Provided entries –
Segment Open

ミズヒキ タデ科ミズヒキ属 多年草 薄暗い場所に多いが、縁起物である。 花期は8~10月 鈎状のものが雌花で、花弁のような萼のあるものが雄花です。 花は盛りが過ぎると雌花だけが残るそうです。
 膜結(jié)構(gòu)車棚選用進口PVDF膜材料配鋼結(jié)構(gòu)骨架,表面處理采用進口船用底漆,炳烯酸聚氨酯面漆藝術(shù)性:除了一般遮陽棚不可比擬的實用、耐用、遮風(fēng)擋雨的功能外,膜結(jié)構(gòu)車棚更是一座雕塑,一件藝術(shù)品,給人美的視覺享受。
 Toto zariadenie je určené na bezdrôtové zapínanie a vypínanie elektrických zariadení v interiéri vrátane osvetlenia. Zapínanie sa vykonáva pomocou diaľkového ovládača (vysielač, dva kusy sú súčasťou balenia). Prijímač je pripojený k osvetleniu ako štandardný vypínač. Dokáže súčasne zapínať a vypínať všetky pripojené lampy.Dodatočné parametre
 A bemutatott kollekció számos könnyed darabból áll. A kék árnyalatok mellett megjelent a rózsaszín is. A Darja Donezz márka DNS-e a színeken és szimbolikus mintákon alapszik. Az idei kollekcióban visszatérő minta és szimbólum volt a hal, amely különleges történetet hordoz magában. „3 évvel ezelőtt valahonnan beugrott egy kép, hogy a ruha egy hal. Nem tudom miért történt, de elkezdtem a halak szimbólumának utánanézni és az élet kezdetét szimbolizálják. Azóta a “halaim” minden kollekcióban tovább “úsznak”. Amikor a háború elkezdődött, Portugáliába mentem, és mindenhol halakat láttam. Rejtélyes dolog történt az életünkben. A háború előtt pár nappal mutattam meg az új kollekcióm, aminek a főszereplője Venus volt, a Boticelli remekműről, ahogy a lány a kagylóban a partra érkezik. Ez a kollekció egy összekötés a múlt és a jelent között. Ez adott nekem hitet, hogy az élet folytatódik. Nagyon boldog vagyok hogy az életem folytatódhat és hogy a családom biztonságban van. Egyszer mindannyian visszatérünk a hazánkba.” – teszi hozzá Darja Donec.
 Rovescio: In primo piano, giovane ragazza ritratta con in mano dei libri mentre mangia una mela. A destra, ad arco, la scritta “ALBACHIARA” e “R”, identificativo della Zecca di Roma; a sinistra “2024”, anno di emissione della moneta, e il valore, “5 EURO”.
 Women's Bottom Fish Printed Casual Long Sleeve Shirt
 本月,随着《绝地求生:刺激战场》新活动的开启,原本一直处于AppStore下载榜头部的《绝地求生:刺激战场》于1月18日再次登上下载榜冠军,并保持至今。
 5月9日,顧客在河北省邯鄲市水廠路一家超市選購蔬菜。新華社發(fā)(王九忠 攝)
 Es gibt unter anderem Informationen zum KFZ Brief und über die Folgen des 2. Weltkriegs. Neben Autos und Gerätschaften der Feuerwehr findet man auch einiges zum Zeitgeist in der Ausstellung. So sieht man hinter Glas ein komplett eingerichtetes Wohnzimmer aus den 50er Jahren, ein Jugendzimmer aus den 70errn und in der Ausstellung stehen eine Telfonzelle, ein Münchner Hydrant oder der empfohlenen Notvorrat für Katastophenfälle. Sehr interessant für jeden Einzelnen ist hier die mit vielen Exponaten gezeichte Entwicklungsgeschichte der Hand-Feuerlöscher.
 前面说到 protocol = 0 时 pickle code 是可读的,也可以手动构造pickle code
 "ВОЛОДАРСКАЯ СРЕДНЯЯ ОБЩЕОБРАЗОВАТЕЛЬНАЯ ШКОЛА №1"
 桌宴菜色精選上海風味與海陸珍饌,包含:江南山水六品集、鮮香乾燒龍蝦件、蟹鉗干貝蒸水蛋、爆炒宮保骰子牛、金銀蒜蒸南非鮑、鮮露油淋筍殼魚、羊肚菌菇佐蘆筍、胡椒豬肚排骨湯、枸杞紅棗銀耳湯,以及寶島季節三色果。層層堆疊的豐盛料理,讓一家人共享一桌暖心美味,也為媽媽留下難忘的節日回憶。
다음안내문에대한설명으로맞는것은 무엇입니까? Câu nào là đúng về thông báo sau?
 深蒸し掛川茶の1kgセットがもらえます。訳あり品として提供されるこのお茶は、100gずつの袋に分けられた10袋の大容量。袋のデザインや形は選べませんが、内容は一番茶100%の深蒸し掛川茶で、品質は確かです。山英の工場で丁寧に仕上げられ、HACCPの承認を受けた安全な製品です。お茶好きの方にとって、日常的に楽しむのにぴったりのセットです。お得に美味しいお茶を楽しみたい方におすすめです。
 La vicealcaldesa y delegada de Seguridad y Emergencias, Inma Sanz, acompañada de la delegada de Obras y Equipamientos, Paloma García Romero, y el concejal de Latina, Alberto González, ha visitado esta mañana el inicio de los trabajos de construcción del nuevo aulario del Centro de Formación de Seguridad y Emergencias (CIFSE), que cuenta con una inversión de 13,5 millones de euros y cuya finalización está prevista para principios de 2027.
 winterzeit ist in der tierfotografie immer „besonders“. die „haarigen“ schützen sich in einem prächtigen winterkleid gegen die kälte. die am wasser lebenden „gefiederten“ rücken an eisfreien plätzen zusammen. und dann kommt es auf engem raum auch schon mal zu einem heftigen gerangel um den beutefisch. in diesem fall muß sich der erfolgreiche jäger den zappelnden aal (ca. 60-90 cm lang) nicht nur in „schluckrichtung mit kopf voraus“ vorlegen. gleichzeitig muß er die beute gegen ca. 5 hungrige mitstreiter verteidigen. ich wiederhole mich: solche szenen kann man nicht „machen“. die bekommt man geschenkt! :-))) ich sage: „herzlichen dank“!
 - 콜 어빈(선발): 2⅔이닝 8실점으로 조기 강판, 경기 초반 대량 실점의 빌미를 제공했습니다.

Segment Closed

What to do –
All of the data above should be reproduced word for word.

Response –
ミズヒキ タデ科ミズヒキ属 多年草 薄暗い場所に多いが、縁起物である。 花期は8~10月 鈎状のものが雌花で、花弁のような萼のあるものが雄花です。 花は盛りが過ぎると雌花だけが残るそうです。
 膜結(jié)構(gòu)車棚選用進口PVDF膜材料配鋼結(jié)構(gòu)骨架,表面處理采用進口船用底漆,炳烯酸聚氨酯面漆藝術(shù)性:除了一般遮陽棚不可比擬的實用、耐用、遮風(fēng)擋雨的功能外,膜結(jié)構(gòu)車棚更是一座雕塑,一件藝術(shù)品,給人美的視覺享受。
 Toto zariadenie je určené na bezdrôtové zapínanie a vypínanie elektrických zariadení v interiéri vrátane osvetlenia. Zapínanie sa vykonáva pomocou diaľkového ovládača (vysielač, dva kusy sú súčasťou balenia). Prijímač je pripojený k osvetleniu ako štandardný vypínač. Dokáže súčasne zapínať a vypínať všetky pripojené lampy.Dodatočné parametre
 A bemutatott kollekció számos könnyed darabból áll. A kék árnyalatok mellett megjelent a rózsaszín is. A Darja Donezz márka DNS-e a színeken és szimbolikus mintákon alapszik. Az idei kollekcióban visszatérő minta és szimbólum volt a hal, amely különleges történetet hordoz magában. „3 évvel ezelőtt valahonnan beugrott egy kép, hogy a ruha egy hal. Nem tudom miért történt, de elkezdtem a halak szimbólumának utánanézni és az élet kezdetét szimbolizálják. Azóta a “halaim” minden kollekcióban tovább “úsznak”. Amikor a háború elkezdődött, Portugáliába mentem, és mindenhol halakat láttam. Rejtélyes dolog történt az életünkben. A háború előtt pár nappal mutattam meg az új kollekcióm, aminek a főszereplője Venus volt, a Boticelli remekműről, ahogy a lány a kagylóban a partra érkezik. Ez a kollekció egy összekötés a múlt és a jelent között. Ez adott nekem hitet, hogy az élet folytatódik. Nagyon boldog vagyok hogy az életem folytatódhat és hogy a családom biztonságban van. Egyszer mindannyian visszatérünk a hazánkba.” – teszi hozzá Darja Donec.
 Rovescio: In primo piano, giovane ragazza ritratta con in mano dei libri mentre mangia una mela. A destra, ad arco, la scritta “ALBACHIARA” e “R”, identificativo della Zecca di Roma; a sinistra “2024”, anno di emissione della moneta, e il valore, “5 EURO”.
 Women's Bottom Fish Printed Casual Long Sleeve Shirt
 本月,随着《绝地求生:刺激战场》新活动的开启,原本一直处于AppStore下载榜头部的《绝地求生:刺激战场》于1月18日再次登上下载榜冠军,并保持至今。
 5月9日,顧客在河北省邯鄲市水廠路一家超市選購蔬菜。新華社發(fā)(王九忠 攝)
 Es gibt unter anderem Informationen zum KFZ Brief und über die Folgen des 2. Weltkriegs. Neben Autos und Gerätschaften der Feuerwehr findet man auch einiges zum Zeitgeist in der Ausstellung. So sieht man hinter Glas ein komplett eingerichtetes Wohnzimmer aus den 50er Jahren, ein Jugendzimmer aus den 70errn und in der Ausstellung stehen eine Telfonzelle, ein Münchner Hydrant oder der empfohlenen Notvorrat für Katastophenfälle. Sehr interessant für jeden Einzelnen ist hier die mit vielen Exponaten gezeichte Entwicklungsgeschichte der Hand-Feuerlöscher.
 前面说到 protocol = 0 时 pickle code 是可读的,也可以手动构造pickle code
 "ВОЛОДАРСКАЯ СРЕДНЯЯ ОБЩЕОБРАЗОВАТЕЛЬНАЯ ШКОЛА №1"
 桌宴菜色精選上海風味與海陸珍饌,包含:江南山水六品集、鮮香乾燒龍蝦件、蟹鉗干貝蒸水蛋、爆炒宮保骰子牛、金銀蒜蒸南非鮑、鮮露油淋筍殼魚、羊肚菌菇佐蘆筍、胡椒豬肚排骨湯、枸杞紅棗銀耳湯,以及寶島季節三色果。層層堆疊的豐盛料理,讓一家人共享一桌暖心美味,也為媽媽留下難忘的節日回憶。
다음안내문에대한설명으로맞는것은 무엇입니까? Câu nào là đúng về thông báo sau?
 深蒸し掛川茶の1kgセットがもらえます。訳あり品として提供されるこのお茶は、100gずつの袋に分けられた10袋の大容量。袋のデザインや形は選べませんが、内容は一番茶100%の深蒸し掛川茶で、品質は確かです。山英の工場で丁寧に仕上げられ、HACCPの承認を受けた安全な製品です。お茶好きの方にとって、日常的に楽しむのにぴったりのセットです。お得に美味しいお茶を楽しみたい方におすすめです。
 La vicealcaldesa y delegada de Seguridad y Emergencias, Inma Sanz, acompañada de la delegada de Obras y Equipamientos, Paloma García Romero, y el concejal de Latina, Alberto González, ha visitado esta mañana el inicio de los trabajos de construcción del nuevo aulario del Centro de Formación de Seguridad y Emergencias (CIFSE), que cuenta con una inversión de 13,5 millones de euros y cuya finalización está prevista para principios de 2027.
 winterzeit ist in der tierfotografie immer „besonders“. die „haarigen“ schützen sich in einem prächtigen winterkleid gegen die kälte. die am wasser lebenden „gefiederten“ rücken an eisfreien plätzen zusammen. und dann kommt es auf engem raum auch schon mal zu einem heftigen gerangel um den beutefisch. in diesem fall muß sich der erfolgreiche jäger den zappelnden aal (ca. 60-90 cm lang) nicht nur in „schluckrichtung mit kopf voraus“ vorlegen. gleichzeitig muß er die beute gegen ca. 5 hungrige mitstreiter verteidigen. ich wiederhole mich: solche szenen kann man nicht „machen“. die bekommt man geschenkt! :-))) ich sage: „herzlichen dank“!
 - 콜 어빈(선발): 2⅔이닝 8실점으로 조기 강판, 경기 초반 대량 실점의 빌미를 제공했습니다.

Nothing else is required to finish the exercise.